▶ WHAT TO PRODUCE:
The listing below contains a span that opens with the line containing "Parkersburg Mayor Tom" and closes with the line containing "Par de Brincos". Return that span exactly.

▶ RECORDS FOR THE EXERCISE:
BEGIN

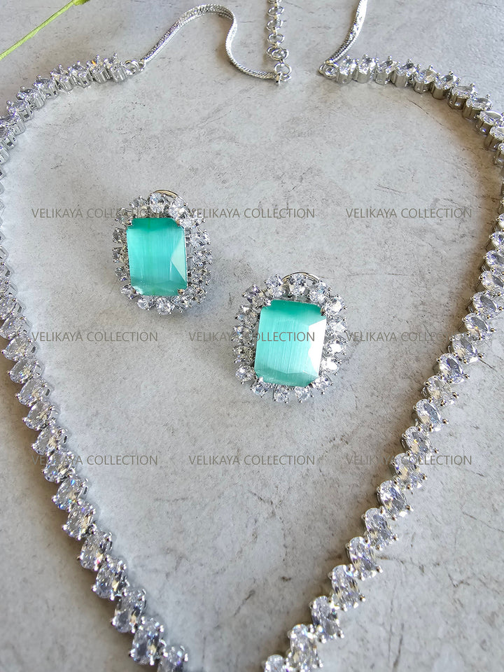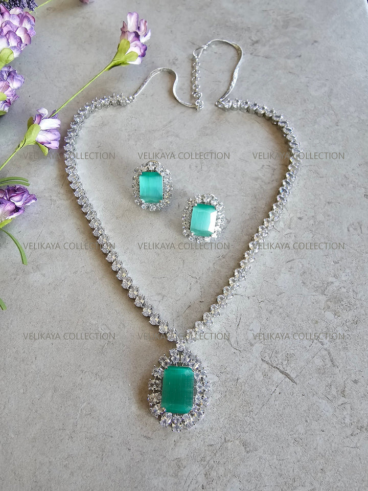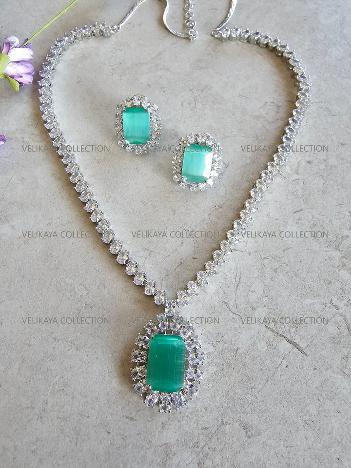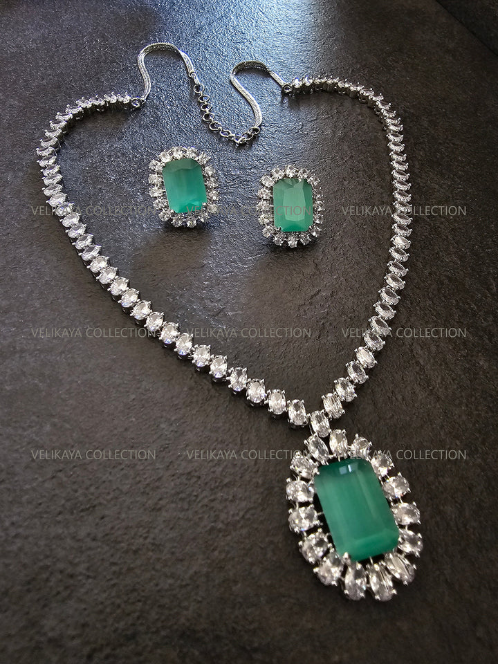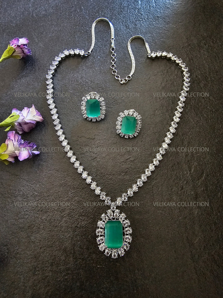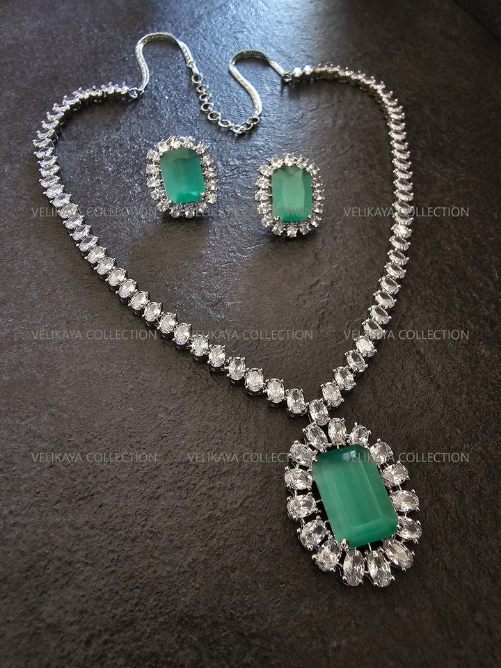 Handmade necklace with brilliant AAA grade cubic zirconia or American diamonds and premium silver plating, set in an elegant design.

END
BEGIN

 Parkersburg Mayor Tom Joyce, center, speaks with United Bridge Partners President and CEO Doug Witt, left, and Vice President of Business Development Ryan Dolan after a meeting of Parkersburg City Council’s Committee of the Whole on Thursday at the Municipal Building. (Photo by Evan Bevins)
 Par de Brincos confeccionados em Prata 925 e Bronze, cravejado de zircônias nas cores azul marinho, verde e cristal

END
BEGIN

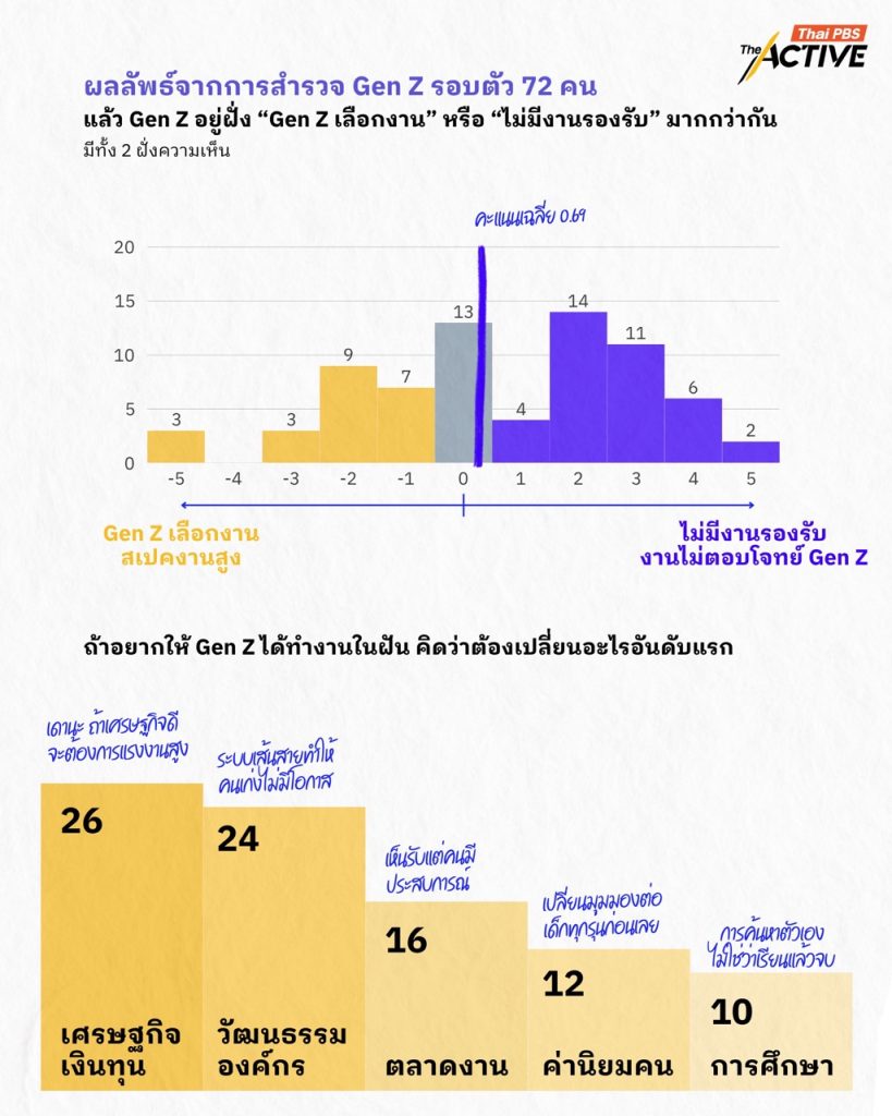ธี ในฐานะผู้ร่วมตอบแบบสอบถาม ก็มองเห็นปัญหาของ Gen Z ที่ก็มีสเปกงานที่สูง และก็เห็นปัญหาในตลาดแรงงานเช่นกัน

END

▶ WRITTEN ANSWER:
 Parkersburg Mayor Tom Joyce, center, speaks with United Bridge Partners President and CEO Doug Witt, left, and Vice President of Business Development Ryan Dolan after a meeting of Parkersburg City Council’s Committee of the Whole on Thursday at the Municipal Building. (Photo by Evan Bevins)
 Par de Brincos confeccionados em Prata 925 e Bronze, cravejado de zircônias nas cores azul marinho, verde e cristal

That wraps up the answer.